Posted Jan 27, 2017 by Martin Armstrong
A quiet market for many in Asia ahead of Chinese New Year and the subsequent national holidays. In Japan the inflation data was marginally better than previous (+0.1% v’s prev. +0%) which helped the Nikkei add additional gains but were slowed somewhat by Consumer Price data. However, this had an effect on the JPY which drifted more into the 115’s handle in late trading as focus again starts to turn more toward US Dollar recovery than JPY weakness.
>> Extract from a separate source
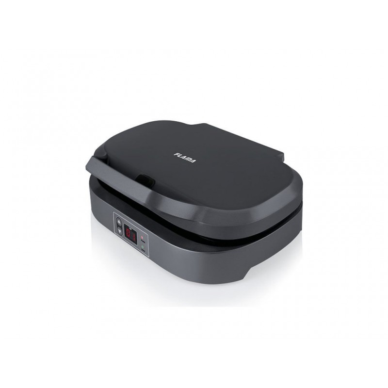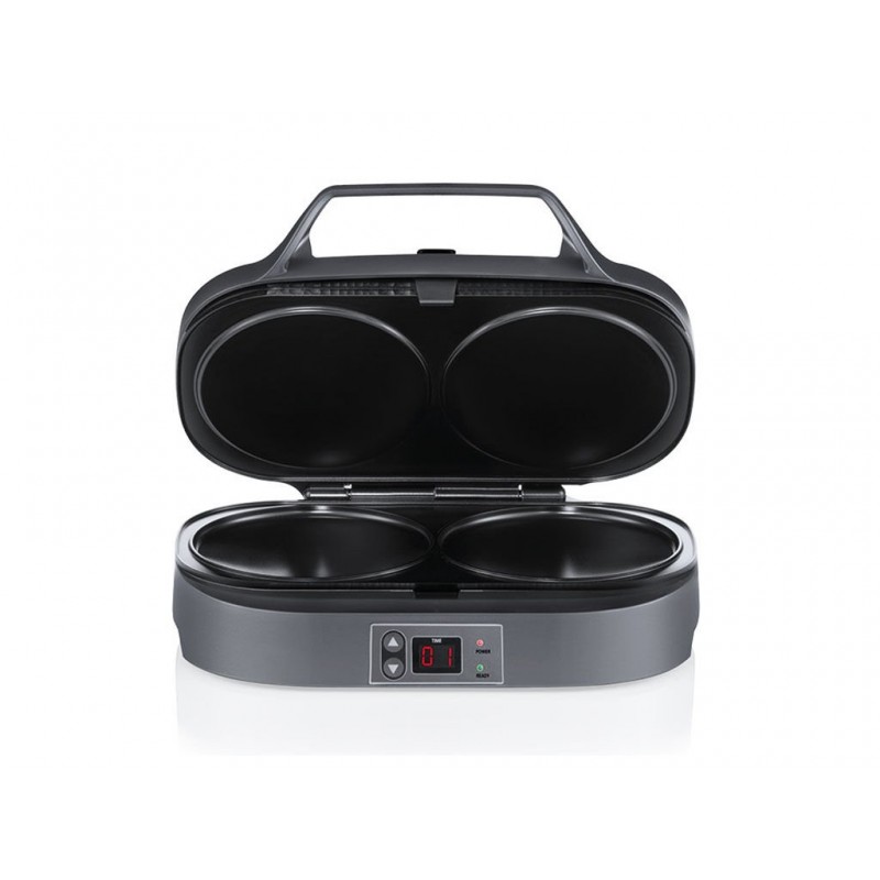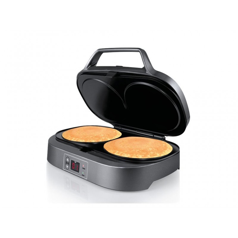 A máquina de panquecas e snacks 4902FL tem uma potência máxima de 1300 W, 2 concavidades para panquecas ou snacks e placas fixas antiaderentes.
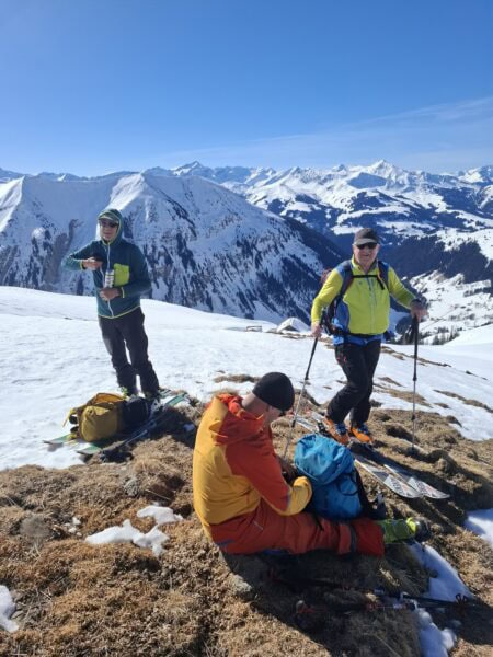 In zwei Gruppen waren wir unterwegs und genossen eine lange Gipfelpause zusammen. Die zum Teil ruppige und spannende Abfahrt wurde super gemeistert und mit Humor genommen. Einige Hindernisse wie fast eingeschneite Wegweiser, verschneite Brunnen oder Bachbette wurden meist gut überwunden. Zum Abschluss wurde in einer geselligen Runde, im Spillgerten angestossen.

European markets closed weaker but appeared more on weekend lethargy and profit-taking rather than any real concerns as trading volumes remained low. FTSE was the only core performer but that was probably on the back of a slide seen in sterling. As we listened to the US/UK press conference, markets were very much in control with no madness headline reactions or exaggerated rumors surrounding subject matter. This is the first the two have met and on appearance looked open, considerate and friendly and comes at a time when queue jumping was necessary. On European bourses banks stock led much of the decline with talk that UniCredit was down over 5% and UBS missing on Q4 comparable numbers also hindering the wider sentiment. Oil prices were heavy today also declining expectations surrounding the OPEC optimism drifted and US production steadily increases.
US GDP released weaker than anticipated which dampened the stock market record week. US Q4 GDP expected at 2.1% came-in at 1.9% but was countered by PCE Prices with Durables as volatile as ever (Expt. +2.6% released -0.4%). After an extensive week the stock market finally saw gains of around 1% whilst setting new record highs. The enthusiasm for the market this year has been encouraging but with many still on the side-lines it will be interesting to see how we fair with China off next week.
US 2’s are closing unchanged at 1.22%, with 10’s sneaking back a couple of beeps at 2.48%. Germany also 2bp tighter at 0.46% closes the US/Bund spread at +202bp. Italy 2.22% (-5bp), Greece 7.03% (+23bp), Turkey 10.96% (-6bp), Portugal 4.07% (u/c) and Gilts 1.47% (-4bp).